[英]Python Paramiko UTF-8 error when trying to stream file from SFTP server
I have a program in which I use Paramiko to get files from SFTP server.我有一个程序,我在其中使用 Paramiko 从 SFTP 服务器获取文件。 Originally I was pulling the file locally with get
and then processing through the file by opening the local copy.最初我使用get
在本地提取文件,然后通过打开本地副本来处理文件。 However, I am trying to avoid the get
and just read the file as a stream.但是,我试图避免get
并仅将文件作为流读取。 This is working fine until I encounter characters that are not UTF-8 - such as <96>.这工作正常,直到我遇到不是 UTF-8 的字符 - 例如 <96>。 The program gets an exception when this happens.发生这种情况时,程序会出现异常。 The problem is occurring on the line:问题出现在线路上:
for line in remote_file
So I am not able to get the data from the stream.所以我无法从流中获取数据。 I have seen mention of decoding and re-encoding but I don't see any way to be able to do this since I am not being given the data by Paramiko.我已经看到提到解码和重新编码,但我没有看到任何方法可以做到这一点,因为 Paramiko 没有向我提供数据。

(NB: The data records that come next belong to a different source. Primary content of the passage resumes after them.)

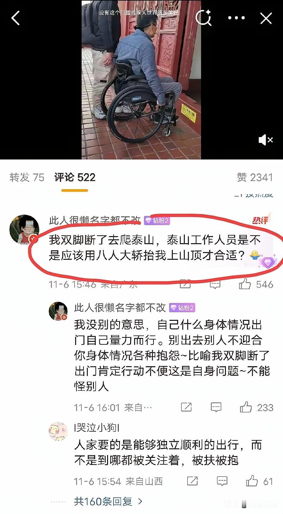 男子身患残疾, 双腿不能正常走路, 需要坐轮椅出行, 他来到了一处景区, 想要进人家的屋里面参观, 奈何门口有一个门槛, 古建筑都有一个门槛, 工作人员看见后也上前帮忙, 家属和工作人员将他抬了进去, 事后他居然吐槽要是没有门槛,残疾人的世界该多美好! 本来想引导网友网暴景区, 没想到网友根本不买, 还吐槽内涵他, 如果双腿残疾去爬泰山是不是让工作人员八抬大轿给你抬上山顶, 本来还想同情这位残疾大哥, 如果看到他的言论就知道他是个自私的人,这样的人不值得同情! 大家对于残疾人游览景区不方便吐槽景区怎么看? 每人推荐一个旅行目的地 残疾人 残疾人状况 残疾人出行 残疾人实拍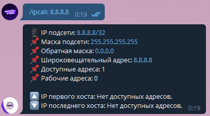 Показывает информацию про указанный IP-адрес, а также применённую маску подсети. Вам необходимо указать адрес и маску подсети, разделив их знаком «/». Помимо этого вы можете указать только IP-адрес, тогда будет автоматически использована маска /32.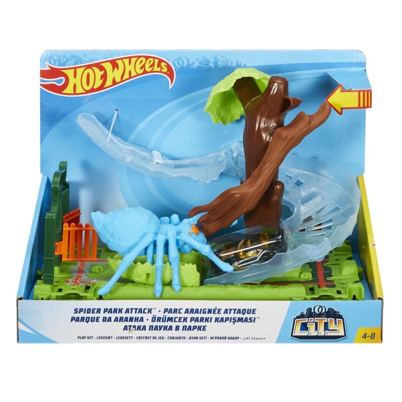Mesto Hot Wheels® je uväznené pod nadvládou príšer! Použi svoje Hot Wheels® a vydaj sa na záchranu mesta! Priprav sa na poriadne kaskadérske kúsky, prebojuj si cestu týmito tematickými hernými setmi a zachráň mesto Hot Wheels®. Všetky mestské časti z kolekcie Hot Wheels® mesto možno jednoducho spojiť dokopy vďaka novému spojovaciemu systému, ktorý je kompatibilný aj so všetkými tvojími oranžo-dráhami. Vyber si svoj herný set alebo ich pozbieraj všetky a uži si veľa zábavy, dobrodružstiev a kaskadérskych kúskov.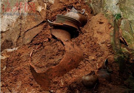 省博物院研究員林忠干勘察現(xiàn)場后認(rèn)為,這些陶瓷器所處的巖石沒有人工雕琢痕跡,堆放的陶瓷器又多為殘品,又沒發(fā)現(xiàn)杯、盤等一類祭祀常用的器物,且夾在這些器物中的泥土較為松軟,由此可斷定這些器物是由他處移到這里的,且時間并不久遠(yuǎn)。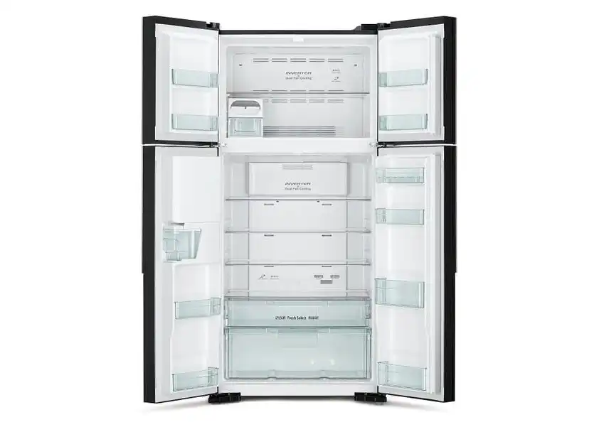 ثلاجة هيتاشي نوفروست، 540 لتر، 4 باب، شاشة تاتش ديجيتال،صنبور مياه، اسود زجاجي ضمان دولي - RW760PUK7GBK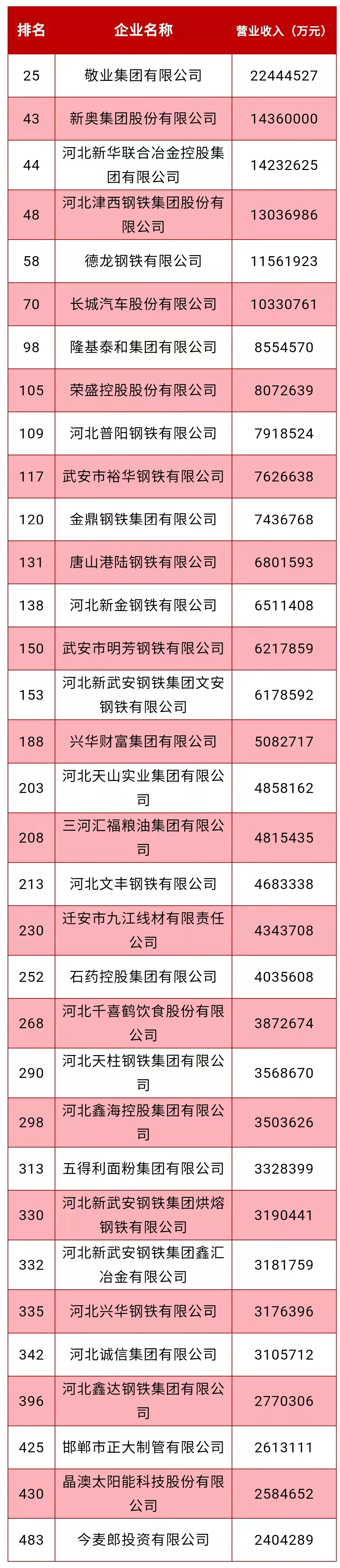 9月25日,2021中国民营企业500强峰会上发布了2021中国民营企业500强榜单,河北省有33家企业上榜,入围企业数量位居全国第5。其中敬业集团有限公司、新奥集团股份有限公司、河北新华联合冶金控股集团有限公司,分别位列榜单第25、43、44位。
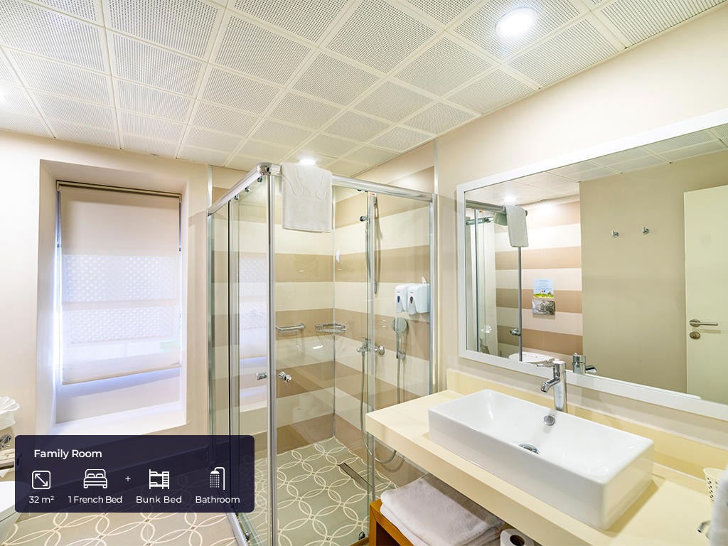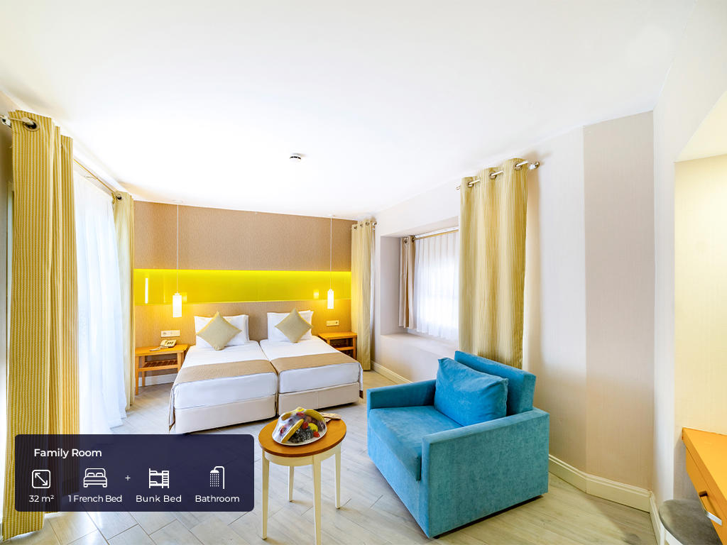 Фамилијарни соби (32 m², две спални соби одвоени со врата, со едно или две купатила, во втората соба има кревет на спрат за деца, макс.4 лица).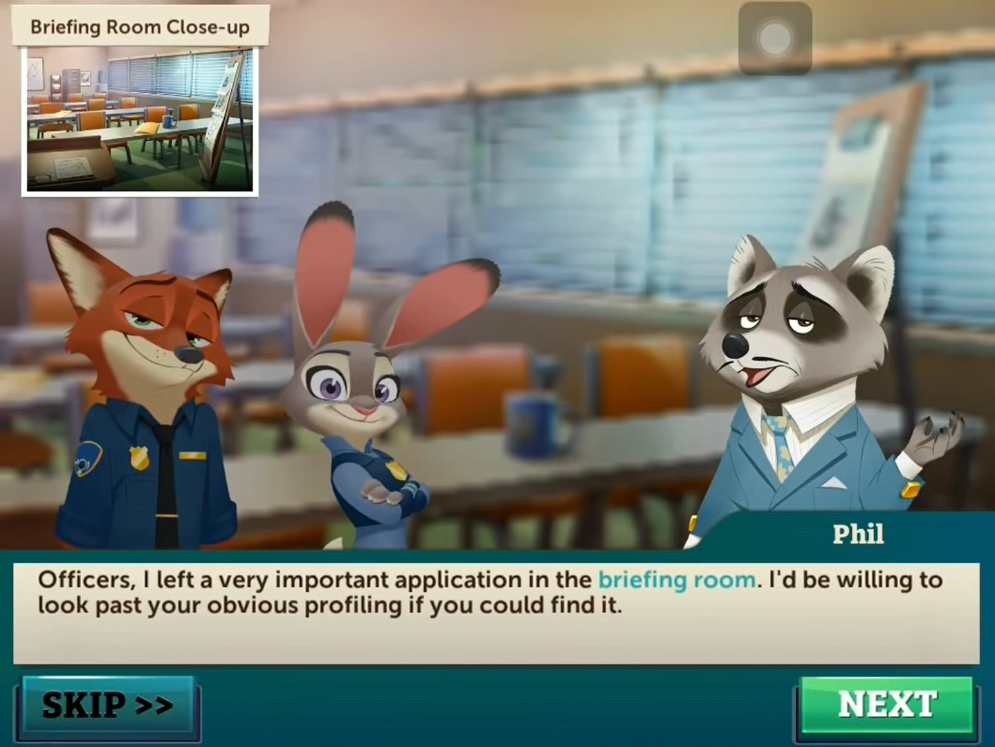 Nick and Judy will be given an assignment to find the guilty party of various cases by Chief Bogo. Every case has 9 crime scenes (with the exception of case 1 & 2 which only has 3 & 6 scenes respectfully.) For each of these scenes, you will be asked to find a list of objects but only one (or sometimes two) of these objects will help you progress the case.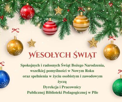 Spokojnych i radosnych Świąt Bożego Narodzenia, wszelkiej pomyślności w Nowym Roku oraz spełnienia w życiu osobistym i zawodowym życzą Dyrekcja i Pracownicy Publicznej Biblioteki Pedagogicznej w Pile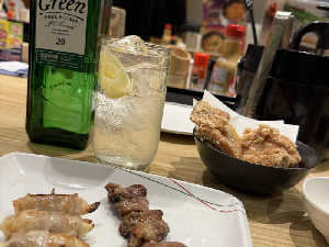 塩味の効いた美味しい焼鳥を食べて炭酸の効いたサッパリ鏡月で流し込む☺️🍺幸せ〜☺️🍺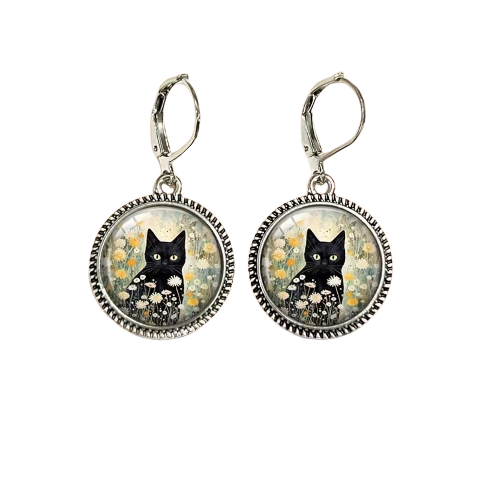 Black Cat & White Daisies Dangle Earrings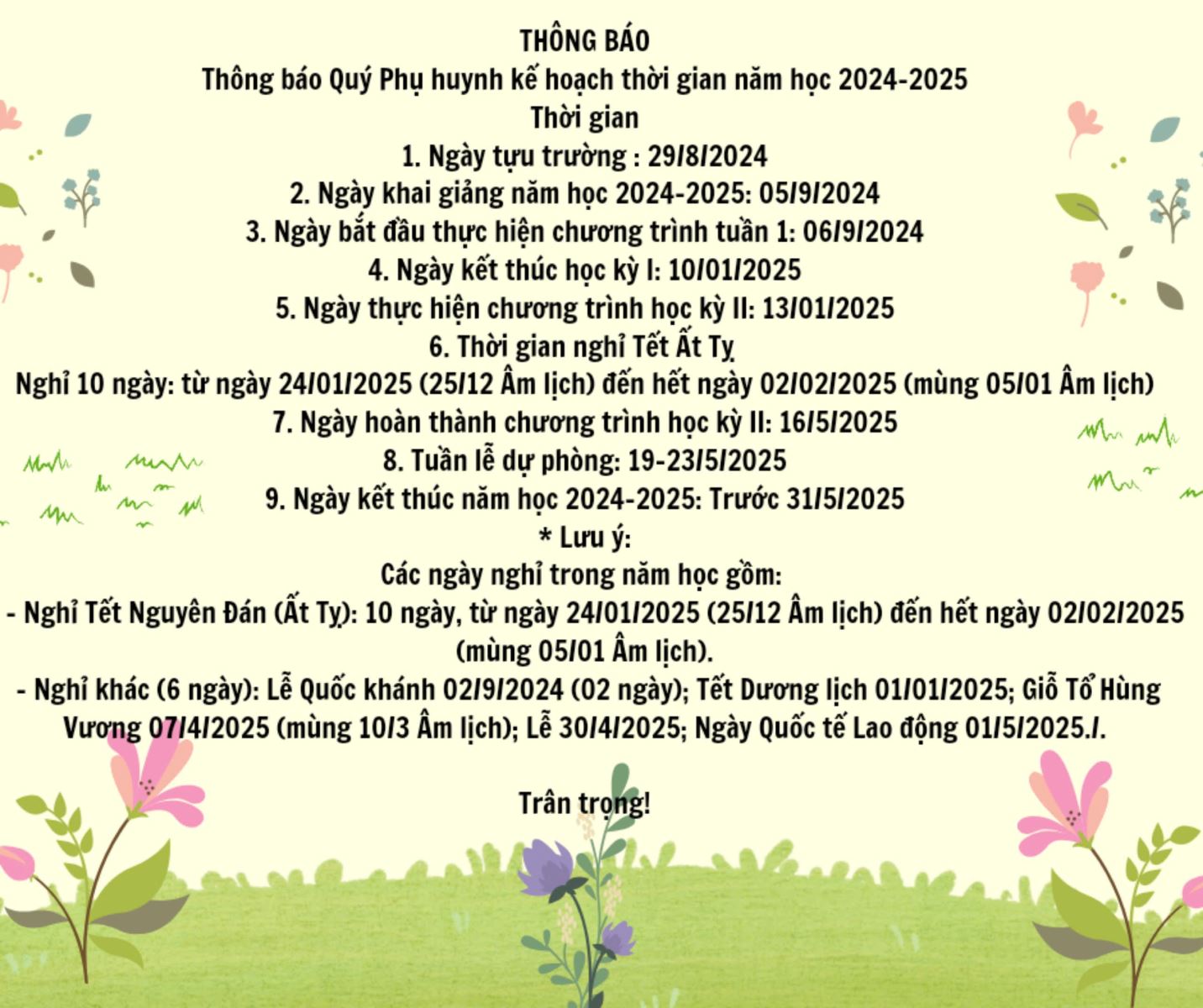 TRƯỜNG MẪU GIÁO LONG KHÊ THÔNG BÁO LỊCH NGHỈ TẾT DƯƠNG LỊCH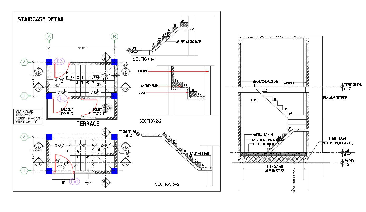 The staircase plan and section CAD drawing shows tread and riser 9"X9'-6" with total width size is 2'-3" survey and deliver a schematic showing the details. the depth position and the size of the underground structure column and landing beam detail in dwg file. Thank you for downloading the AutoCAD drawing file and other CAD program files from our website.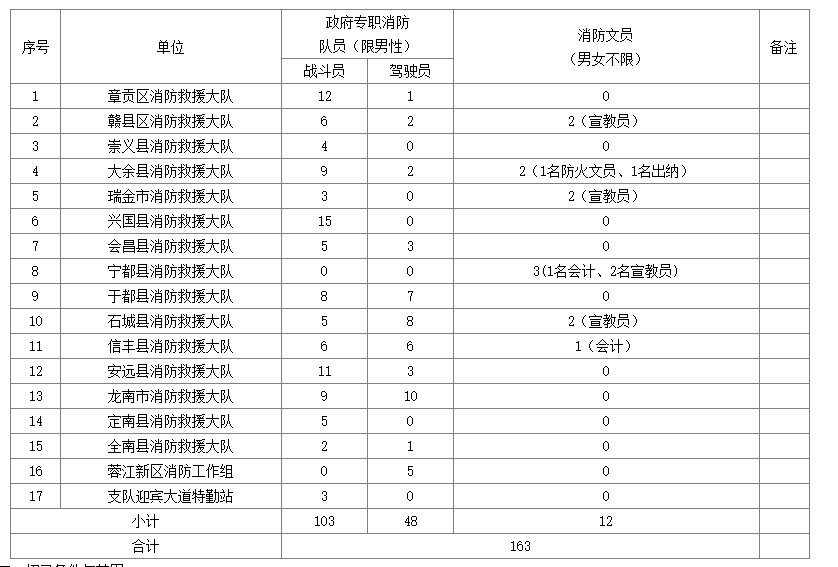 ?。ㄒ唬┐舜握畬B毾狸爢T和消防文員招聘工作由贛州市消防救援支隊組織。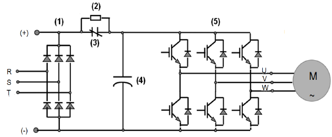 O retificador converte a alimentação AC da rede (geralmente trifásica) em uma tensão DC para alimentar o link intermediário. As topologias mais comuns são: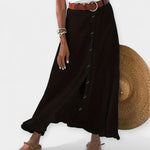 Zračna in elegantna, ta krilo izžareva subtilno ženstvenost in ponuja prilagodljivost za vsako priložnost. Z lahkotno prosojno tkanino in gumbi spredaj, se nosi od jutra do večera z ustreznim stiliziranjem.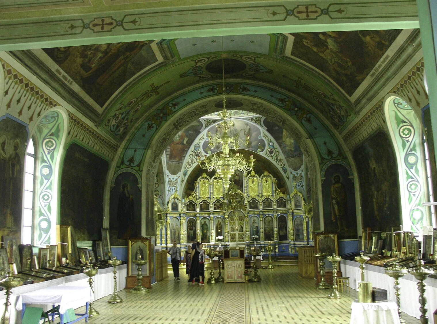 Вдоль стен расположены аналои с иконами, многие из которых почитаются как чудотворные и целительные. Прихожане имеют возможность подойти к каждой святыне для молитвенного обращения. В центральной части храма видны молящиеся — это подтверждает действующий статус церкви, где ежедневно совершаются богослужения уже более 150 лет.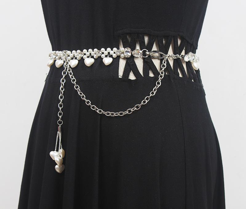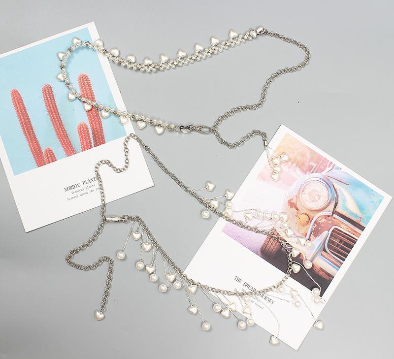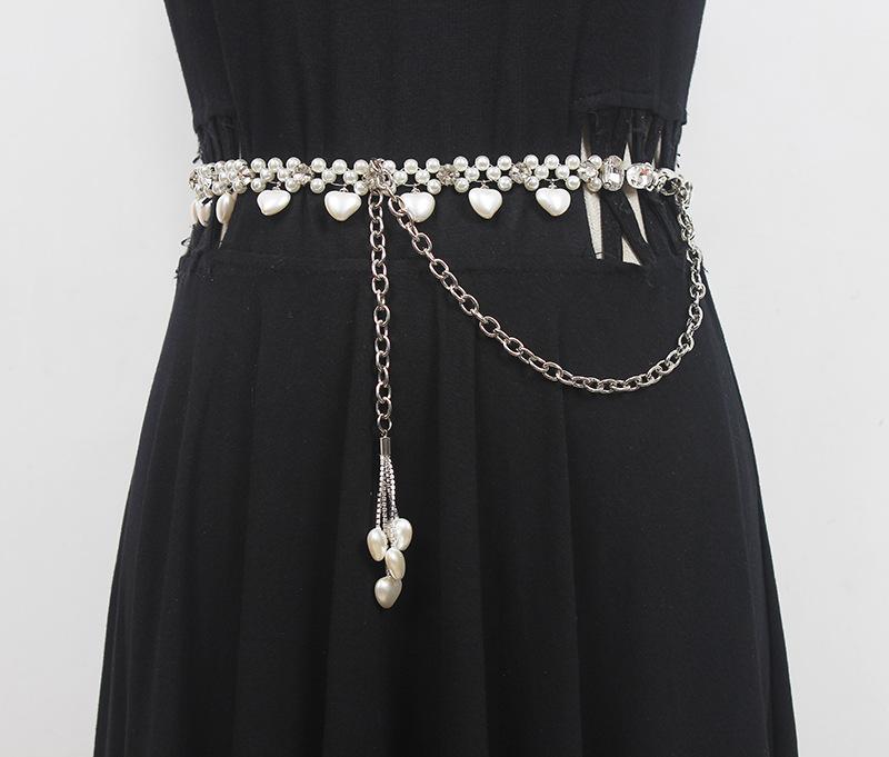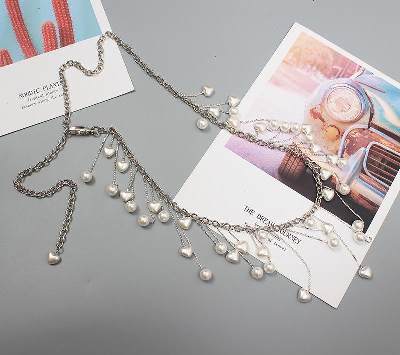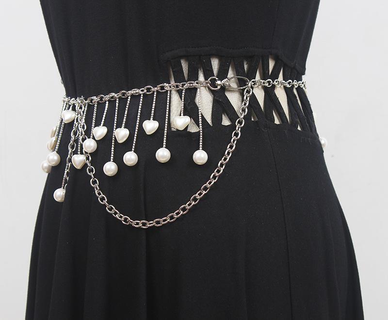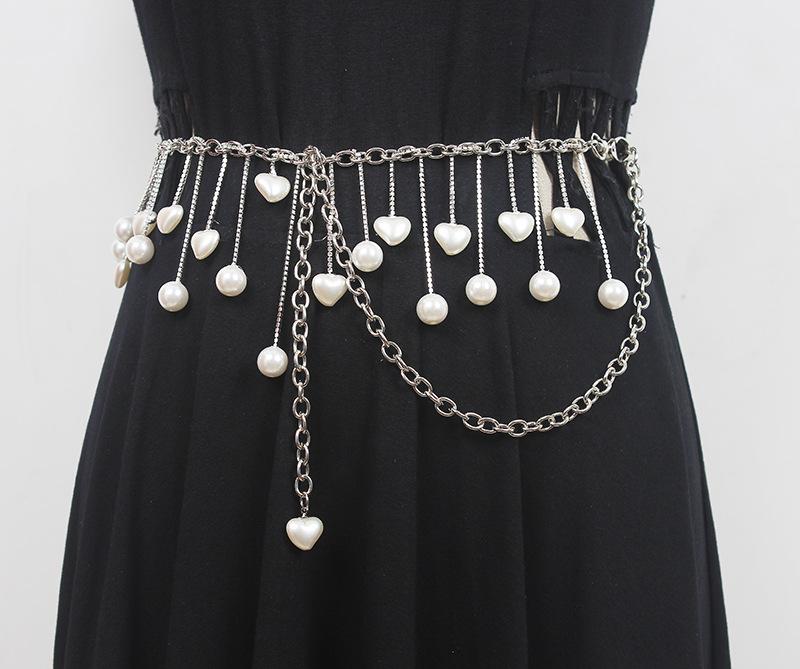 Cinturón de perlas Cadena de cintura delgada con borlas para mujer Decoración con falda Estilo cool ins Danza del vientre sexy Cadena corporal网红

Is there a Paramiko parameter that says what to do or provides some way to just get the raw data?是否有 Paramiko 参数说明要做什么或提供某种方法来获取原始数据? How do I get around this issue?我该如何解决这个问题?
Below is the code being processed - the first 3 lines establish the connection.下面是正在处理的代码 - 前 3 行建立连接。 Then I have some code (not shown) where I filter through the directory find a list of files about which I care.然后我有一些代码(未显示),我在其中过滤目录,找到我关心的文件列表。 The next to last line opens a connection to the file on the SFTP server.倒数第二行打开与 SFTP 服务器上文件的连接。 The last line is where the error occurs - I have a try
block around the whole block of code.最后一行是发生错误的地方 - 我在整个代码块周围有一个try
块。 When the exception is hit the error that is returned is当异常被击中时,返回的错误是
UnicodeDecodeError: 'utf-8' codec can't decode byte 0x96 in position 124: invalid start byte UnicodeDecodeError: 'utf-8' 编解码器无法解码位置 124 中的字节 0x96:起始字节无效
ftpTransport = paramiko.Transport((FTPSERVER, FTPPORT))
ftpTransport.connect(username=FTPUSERNAME, password=FTPPASSWORD)
sftp = paramiko.SFTPClient.from_transport(ftpTransport)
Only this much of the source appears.